INPUT RECORDS:

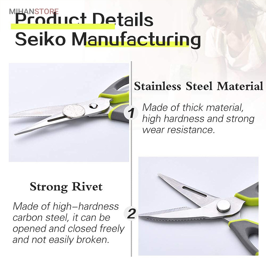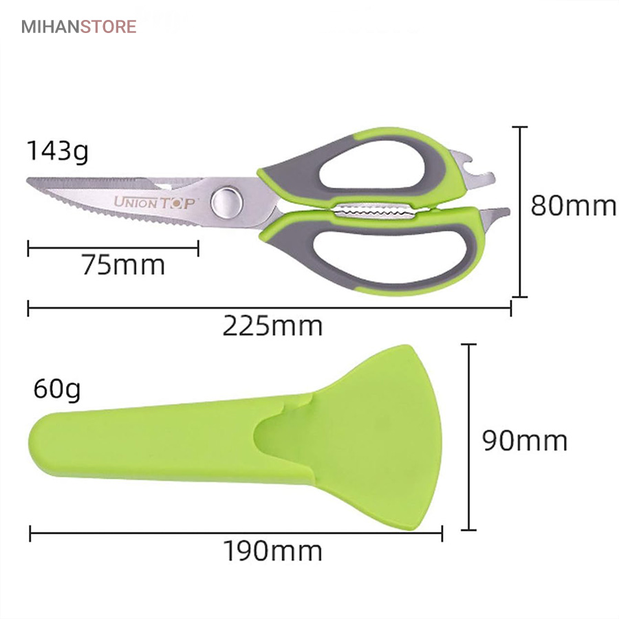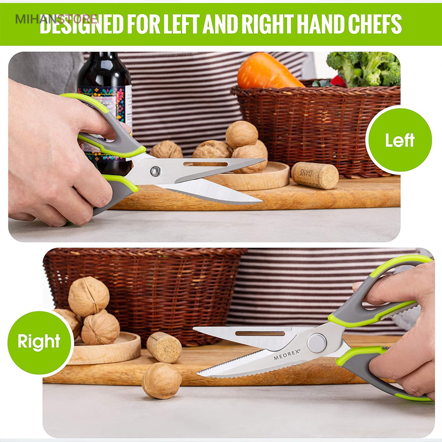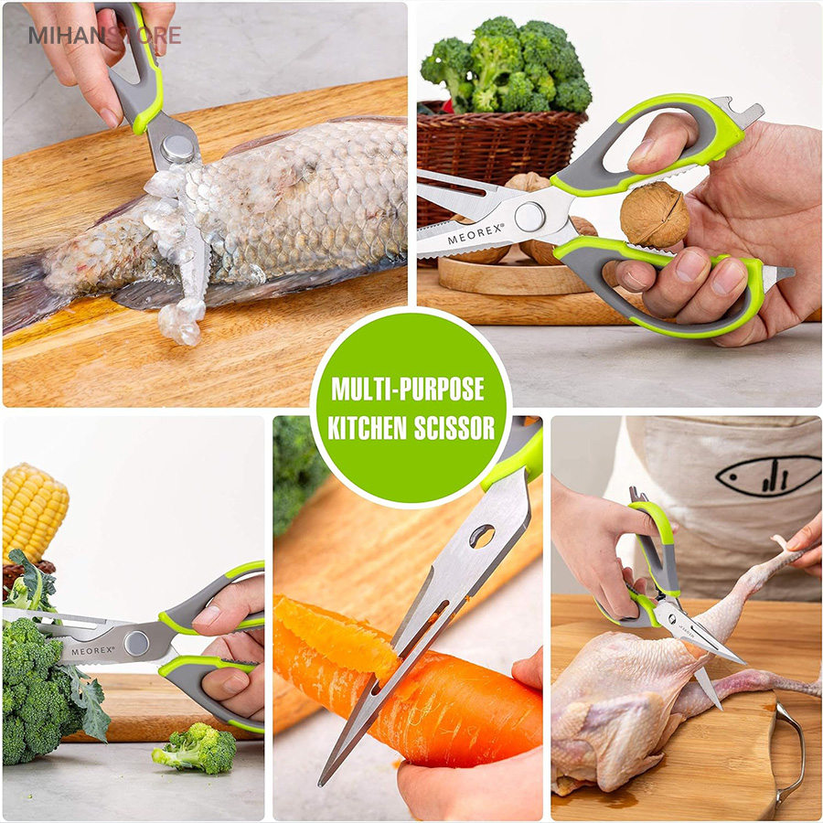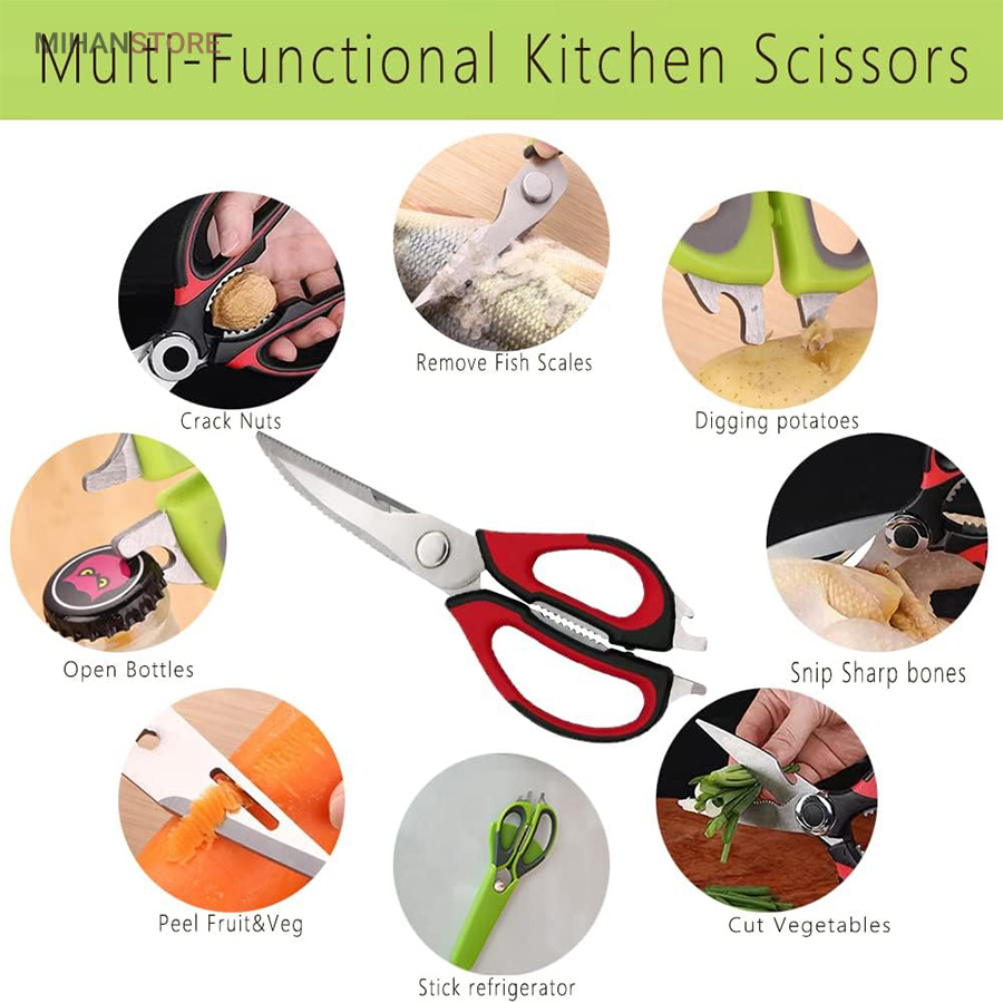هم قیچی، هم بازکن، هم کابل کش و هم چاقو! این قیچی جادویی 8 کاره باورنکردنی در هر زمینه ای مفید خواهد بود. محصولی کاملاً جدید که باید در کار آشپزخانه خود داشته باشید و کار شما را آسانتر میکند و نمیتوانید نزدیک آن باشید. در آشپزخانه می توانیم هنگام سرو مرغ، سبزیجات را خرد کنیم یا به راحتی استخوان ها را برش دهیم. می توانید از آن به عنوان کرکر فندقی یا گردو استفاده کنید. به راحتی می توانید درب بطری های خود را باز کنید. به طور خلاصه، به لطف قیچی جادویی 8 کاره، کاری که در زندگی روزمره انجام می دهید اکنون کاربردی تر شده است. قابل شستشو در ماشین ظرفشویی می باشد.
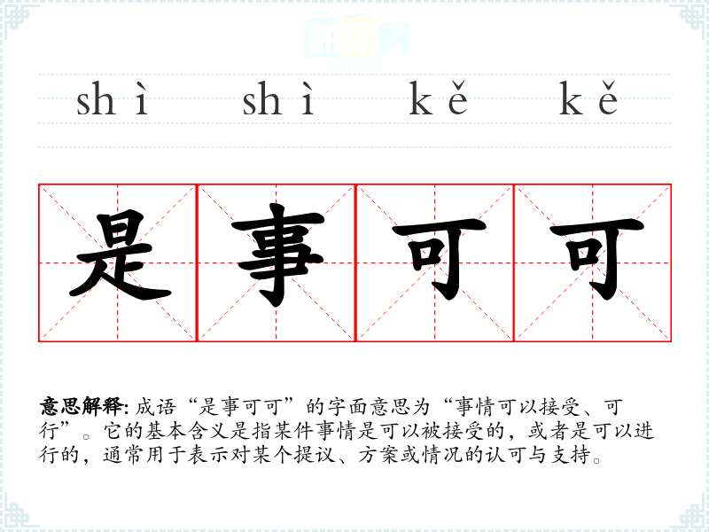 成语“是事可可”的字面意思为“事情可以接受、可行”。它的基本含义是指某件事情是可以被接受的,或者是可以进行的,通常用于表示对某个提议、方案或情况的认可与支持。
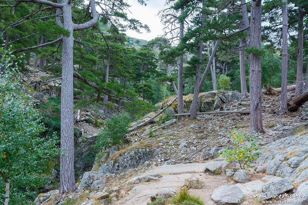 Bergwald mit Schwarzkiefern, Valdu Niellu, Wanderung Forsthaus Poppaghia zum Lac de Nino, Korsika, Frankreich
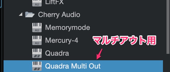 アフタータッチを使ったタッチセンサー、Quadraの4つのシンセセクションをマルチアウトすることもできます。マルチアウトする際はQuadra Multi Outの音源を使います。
==
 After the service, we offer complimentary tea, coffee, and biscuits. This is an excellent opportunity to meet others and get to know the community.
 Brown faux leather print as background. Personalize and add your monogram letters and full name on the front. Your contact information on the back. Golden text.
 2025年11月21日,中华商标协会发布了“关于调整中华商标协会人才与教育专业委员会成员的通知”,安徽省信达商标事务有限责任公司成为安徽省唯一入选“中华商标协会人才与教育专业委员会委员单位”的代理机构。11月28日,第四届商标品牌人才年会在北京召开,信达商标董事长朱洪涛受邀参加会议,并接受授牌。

ACTION ITEM: Of all the entries above, output exactly the lines between the one holding "After the service, we" and the one holding "Brown faux leather", inclusive.

EXERCISE ANSWER:
 After the service, we offer complimentary tea, coffee, and biscuits. This is an excellent opportunity to meet others and get to know the community.
 Brown faux leather print as background. Personalize and add your monogram letters and full name on the front. Your contact information on the back. Golden text.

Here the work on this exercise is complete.